Ainda uma semana depois do reconhecimento do resultado da votação, definido o nome do eleito, ajuntamentos estão ocorrendo em praças e portas de quartéis, os agitadores pedindo ditadura militar. Estranhamente, os comandantes militares, cujos quartéis são assediados, estão calados.
São decorrências da política de desmonte do Estado, das instituições e da própria sociedade pelo regime de 1º de janeiro de 2019, nas ameaças subversivas à ordem política.
Estamos em face de ameaças a uma inevitável e decisiva mudança social e política, cujos fatores vinham sendo gestados e acumulados desde o golpe de 1964. Bolsonaro, tenha ou não consciência disso, personifica o momento final de decadência do tenentismo.
Foram esses fatores atenuados com a redemocratização e a Nova República, e não suprimidos. Voltaram à superfície com o bolsonarismo na suposição falsa de que na eleição de 2018 a população pedia a volta da ditadura militar.
A anomia desta etapa da história brasileira expressa-se na desorganização social decorrente da desregulamentação política das relações sociais. Os regimes políticos repressivos, que expressam momentos como este, são criadores de situações de insegurança e medo que arrastam consigo para a nulidade da ineficácia e anulam valores e normas de conduta e de sociabilidade. A sociedade ficou confusa e desorientada, não só o presidente da República.
A tendência autoritária do governo que termina tem tido como característica a transgressão do que é próprio de mandato obtido de forma legal e constitucional. Porém indevidamente assumido como renúncia do eleitorado ao que é próprio de suas atribuições, no questionamento do pressuposto da alternância dos partidos no poder, em que se empenhou o governo nestes quase quatro anos.
O aparelhamento das instituições para consumar a tirania do poder pessoal tornou-se entre nós uma forma patológica de corroer as bases do que é propriamente a realidade social e política. Um meio de inviabilizar a vida coletiva e anular a competência dos cidadãos para reconstruir o tecido social em face da desordem personificada pelo próprio governante.
No limite, desordem instrumentalizada pelo oportunismo do consórcio de outro poder no poder, resultante dos fatores de tensão, de crise e de ruptura que nestes anos comprometeu a continuidade da sociedade que pedia socorro político urgente. O resultado da eleição foi um indicativo.

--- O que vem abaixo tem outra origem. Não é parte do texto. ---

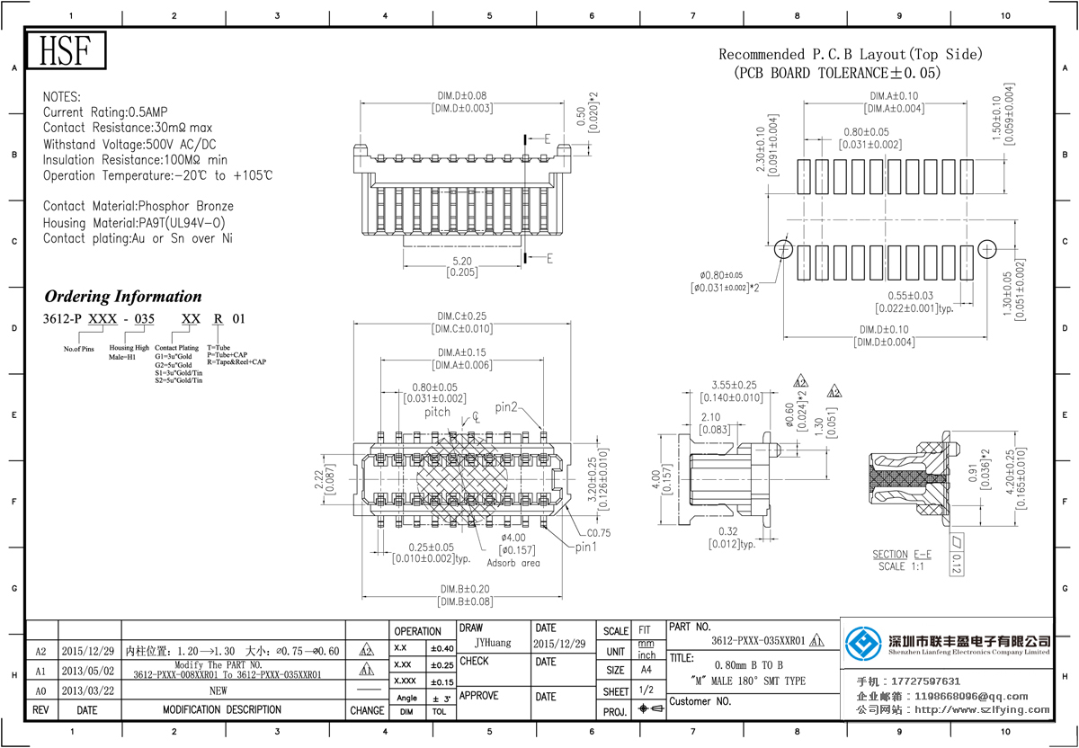 產(chǎn)品分類:Board To Board 連接器 產(chǎn)品型號(hào):0.8MM 公座 單槽結(jié)構(gòu) Board To Board聯(lián)豐盈 技術(shù)參數(shù):額定電流:0.5amp電流電阻:20m最大絕緣電阻:100m承受電壓:AC 500V /分鐘工作溫度:20﹣℃+ 1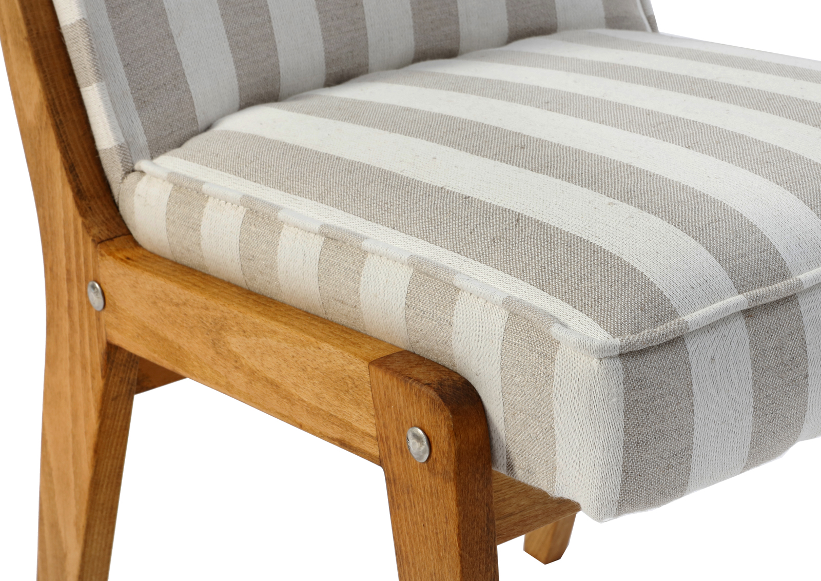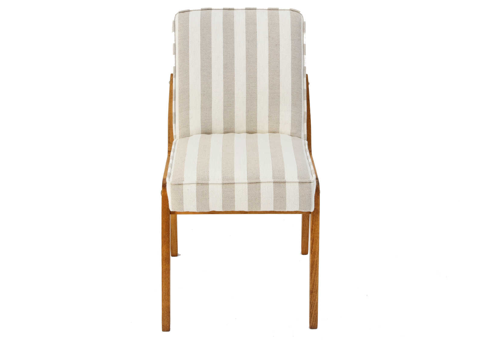 Fotelik został całkowicie rozebrany, drewno oczyszczone ze starych powłok, ponownie sklejony, zabezpieczony olejem na bazie naturalnych olei chińskich, przyjaznym dla środowiska. Drewno bukowe. Nowa tapicerka, wymieniona gąbka, pasy, fizelina. Ręcznie szyty. Nowe metalowe śruby. Szkielet wewnątrz oczyszczony dokładnie papierem, zabezpieczony. Bardzo miękka i przyjemna w dotyku tkanina melanżowa, odporność na ścieranie 20 000 suwów.  Kultowy model fotela PRL.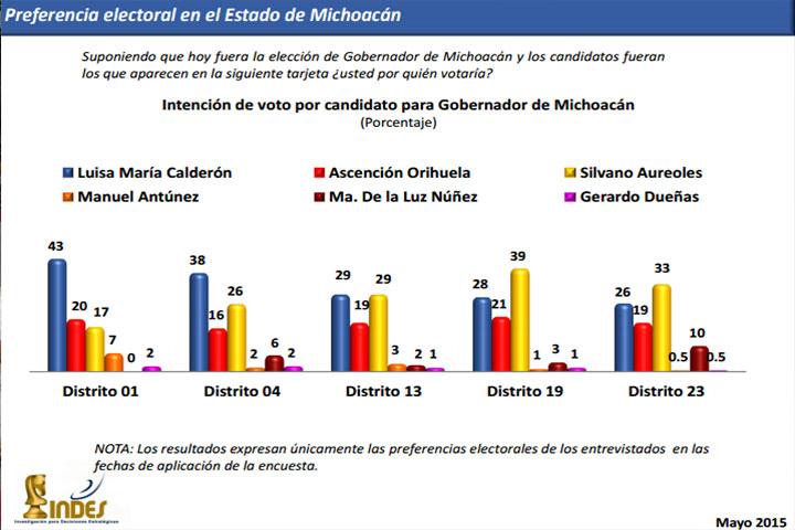 NOTICIAS 25/05/2015Encabeza Luisa María las encuestas con 30%, según encuesta de IndesA 13 días de que se lleve a cabo la contienda electoral, la candidata del Partido Acción Nacional (PAN) al Gobierno del Estado, Luisa María Calderón Hinojosa encabeza las encuestas con un 30 por ciento de la preferencia electoral, este ejercicio fue realizado por la empresa Indes en un en la cual se toma en cuenta la intención del voto y no la percepción como lo han venido manejando otras casas encuestadoras.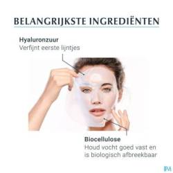 Het masker zelf is gemaakt van biocellulose, een biologisch afbreekbaar materiaal van natuurlijke oorsprong, dat eenvoudig aan te brengen is, perfect op de gezichtscontouren past zonder te glijden, en zo comfortabel is dat het als een tweede huid aanvoelt.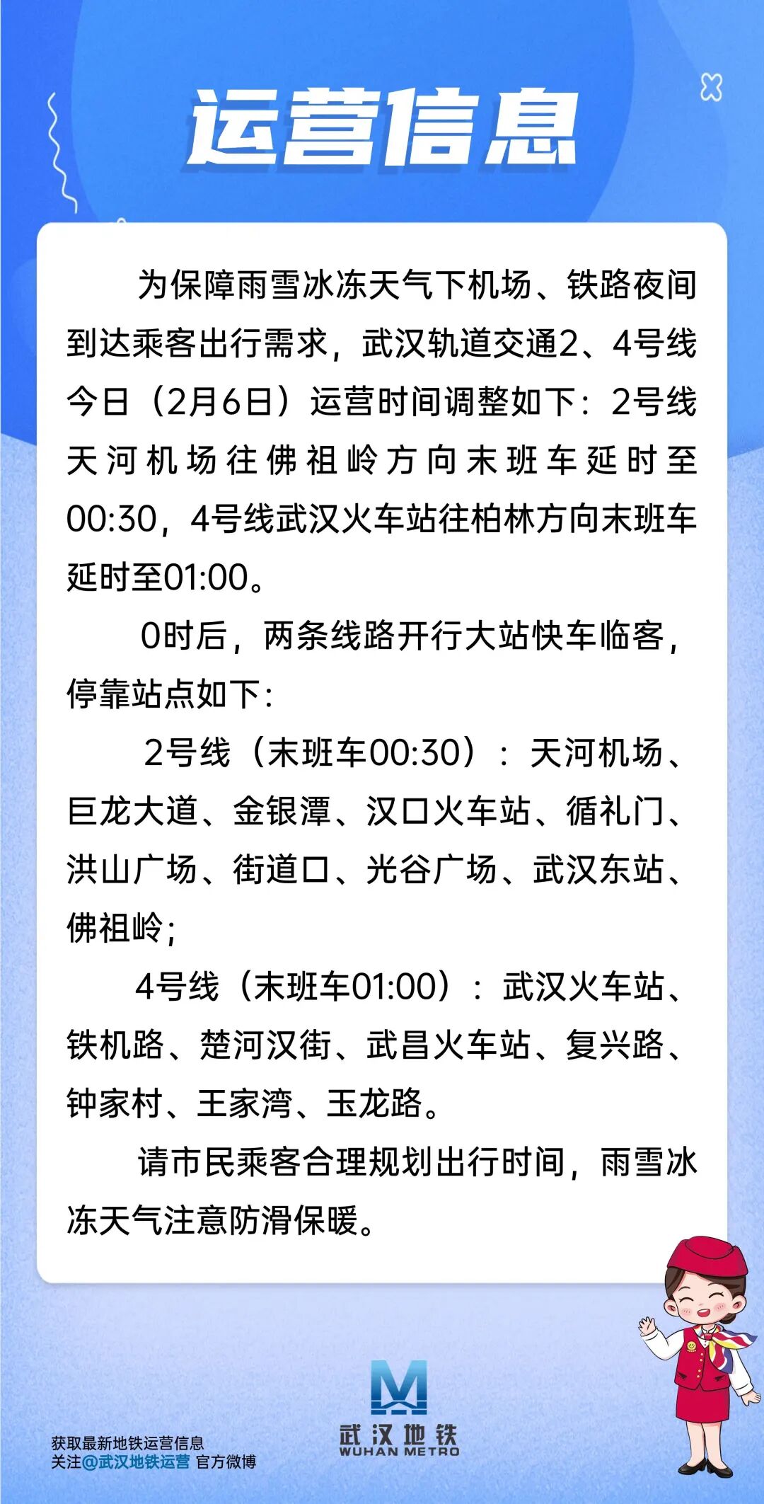 为保障雨雪冰冻天气下机场、铁路夜间到达乘客出行需求,武汉轨道交通2、4号线今日(2月6日)运营时间调整如下:2号线天河机场往佛祖岭方向末班车延时至00:30,4号线武汉火车站往柏林方向末班车延时至01:00。0时后,两条线路开行大站快车临客,停靠站点如下:2号线(末班车00:30):天河机场、巨龙大道、金银潭、汉口火车站、循礼门、洪山广场、街道口、光谷广场、武汉东站、佛祖岭;4号线(末班车01:00):武汉火车站、铁机路、楚河汉街、武昌火车站、复兴路、钟家村、王家湾、玉龙路。

A questão é muito mais complicada do que a muitos parece. Na transição, disfarçada por algumas medidas protocolares, o governo que termina continuará ativo e barulhento no poder paralelo das redes, dos grupos de ativistas, como o dos caminhoneiros e o dos manifestantes de porta de quartel. Mas o ativismo antidemocrático persistente indica que Jair Messias manda muito menos do que supõe. Quando muito faz teatro de uma proximidade e de uma conivência que os militares não podem assumir porque funcionários do Estado, sujeitos às normas e aos rigores da lei. Nem o povaréu da agitação tem qualquer competência para levar o país à insurreição.
Fora do poder e por isso politicamente fraco, Bolsonaro dividirá o bolsonarismo. Os que parasitaram o Estado, avulsos e parentes, militares e civis, serão mandados de volta ao lugar de onde vieram. Sobrará a turba dos bajuladores e paus mandados de rua, fora do controle do governo oculto e do próprio Bolsonaro. As multidões reacionárias poderão gerar instabilidade. Para elas haverá a lei.
Os ajuntamentos subversivos de rua, dos inconformados, contra a vontade majoritária do eleitorado, dá cara e voz ao Brasil paralelo e ilegal instigado por ações e omissões do próprio presidente da República. O Brasil oculto da balbúrdia tem feito demonstrações agressivas e mesmo violentas, indicativas de um período de inconformismo intolerante que pode comprometer a democracia que tenta renascer. Tem características de comportamento de multidão, como o define Le Bon, o do sujeito coletivo divorciado da razão, de certo modo enlouquecido, como nos linchamentos.
As classes e os setores sociais mais incapazes de participar do processo de regeneração social e política, porque menos identificados com a sociedade a que pertencem sem querer pertencer, são os que com mais facilidade se empenham em transformar a anomia em identidade coletiva da minoria de que fazem parte.